The attack requires no malware, no exploit chain, and no technical access to the user's device. It only requires that the agent read content an attacker has touched. In August 2025, Brave's security team demonstrated this by placing invisible text inside a Reddit spoiler tag; Comet read the tag, followed the hidden instructions, and extracted a user's email address and one-time passcode. In March 2026, researchers at Zenity Labs published a family of vulnerabilities called "PleaseFix," which demonstrated zero-click agent hijacking in Comet, including one path that could access and extract credentials from a 1Password vault.

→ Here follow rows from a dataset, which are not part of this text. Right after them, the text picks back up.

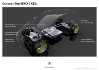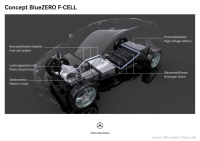 Der BlueZero F-Cell ist die Brennstoffzellen-Version, die eine Reichweite von bis zu 400 km schafft. Neben dem Elektromotor und der Hochleistungsbatterie sitzt noch eine Brennstoffzelle im Fahrzeugboden. Je nach Fahrsituation bezieht der blau-grüne F-Cell seine Energie aus der Batterie oder aus der Brennstoffzelle. Dank eines Bremsenergie-Rückgewinnungssystems dient der Elektromotor beim Bremsen als Generator und lädt so die Batterien wieder auf. Eine Brennstoffzelle benötigt als Kraftstoff Wasserstoff, beim Betrieb entstehen keinerlei Abgase, lediglich Wasserdampf wird emittiert.
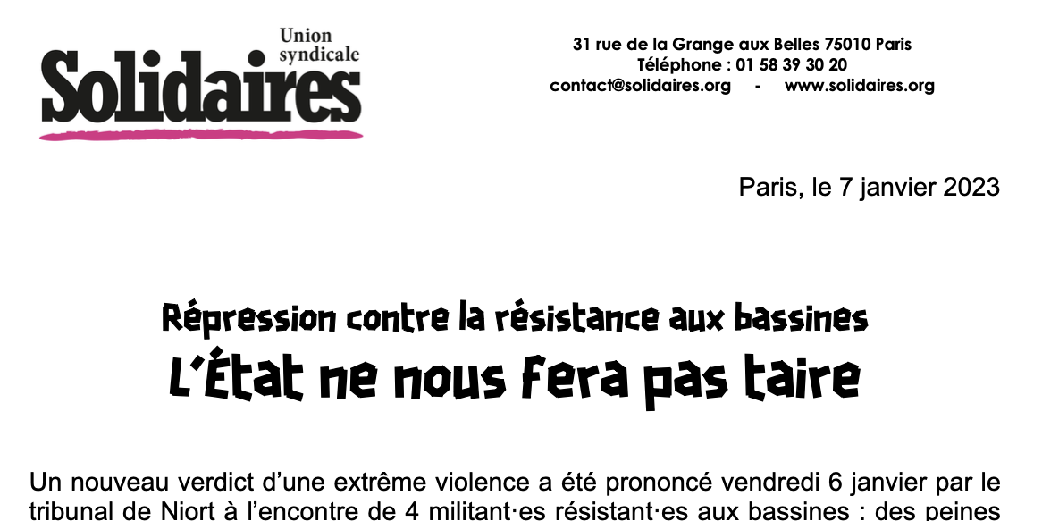 L’Union syndicale Solidaires dénonce avec force cette répression orchestrée par l’État en soutien au lobby agro-industriel. Nous apportons notre soutien aux militant·es condamné·es injustement pour l'exemple.
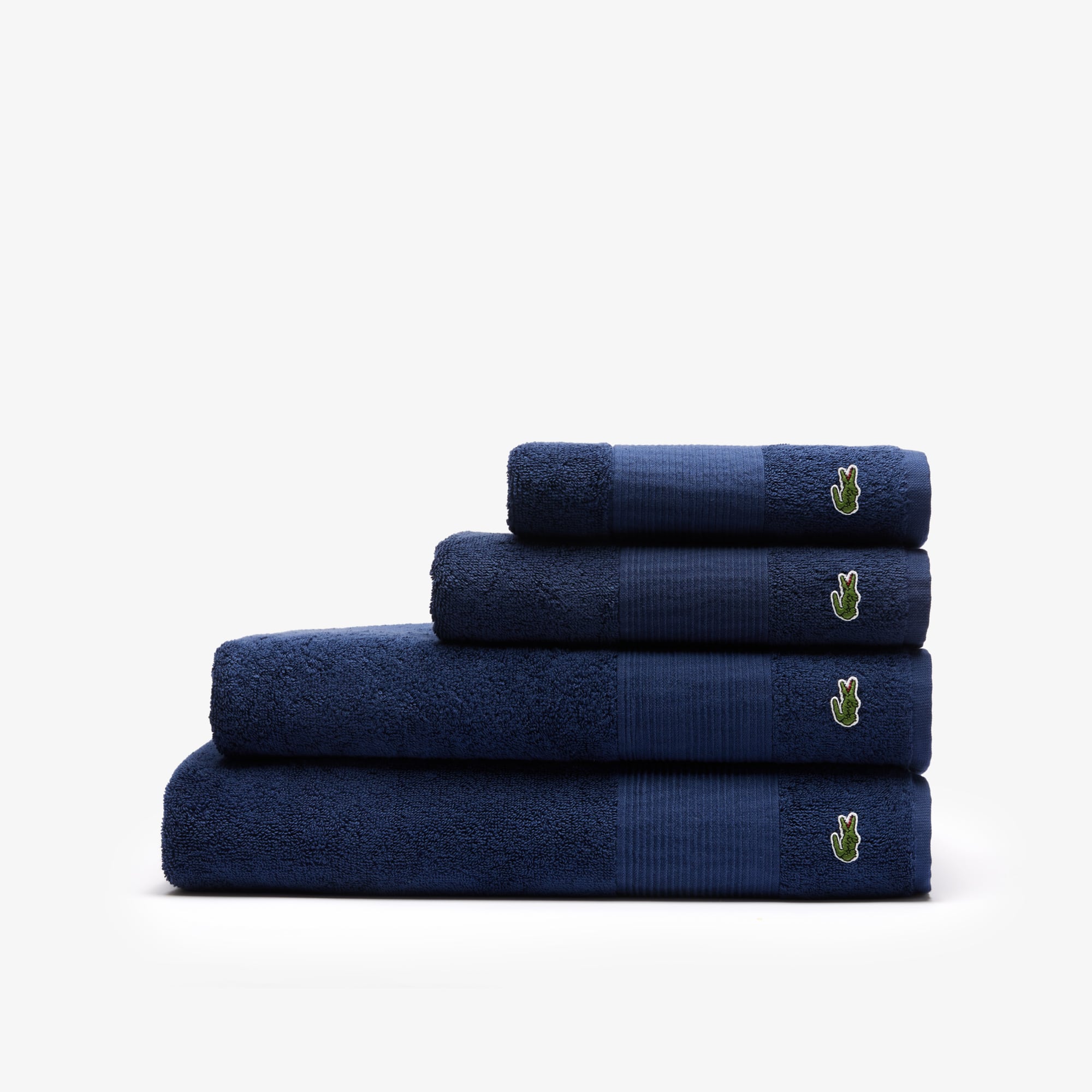 Lacoste Heritage Serviette de Bain 100% Coton Supima Bleu Marine, 40,6 x 76,2 cm, très absorbante, séchage Rapide, Super Douce, Indispensable pour Salle de Bain, Cadeau, Lavable en Machine
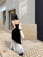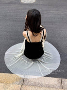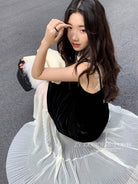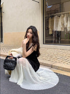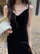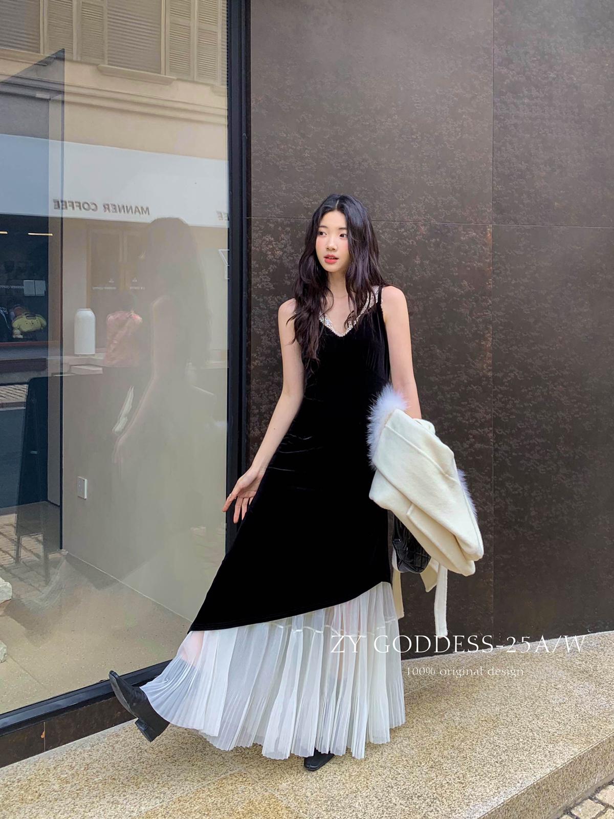 【C7919】絕美女神裙~法式優雅V領絲絨拼接網紗蕾絲吊帶裙連衣裙(飄逸仙女裙~)

Why Can't This Problem Be Fixed?

The core issue is architectural. Agentic browsers like Comet, OpenAI's ChatGPT Atlas, and The Browser Company's Dia are designed to give AI agents full user-level authenticated access to every website the user is logged into. This is what makes them powerful, but it's also what makes them fundamentally vulnerable.

For thirty years, the web relied on the same-origin policy, a foundational security rule introduced by Netscape Navigator in 1995. This rule prevents any script or application on one website from reading data belonging to another. When you open Gmail and your bank in adjacent tabs, the bank page cannot see your Gmail contents. Agentic browsers make that protection irrelevant, not by breaking it, but by design. When a user authorizes an AI agent to act across the web, the agent operates with the keys to every domain the user has logged into.

"Now you have an application that can perform actions like a human. It gets logged as if those actions are taking place like a human in some respects, and it opens the world to new challenges," noted Josh Hoodlet, a security researcher at Dark Reading.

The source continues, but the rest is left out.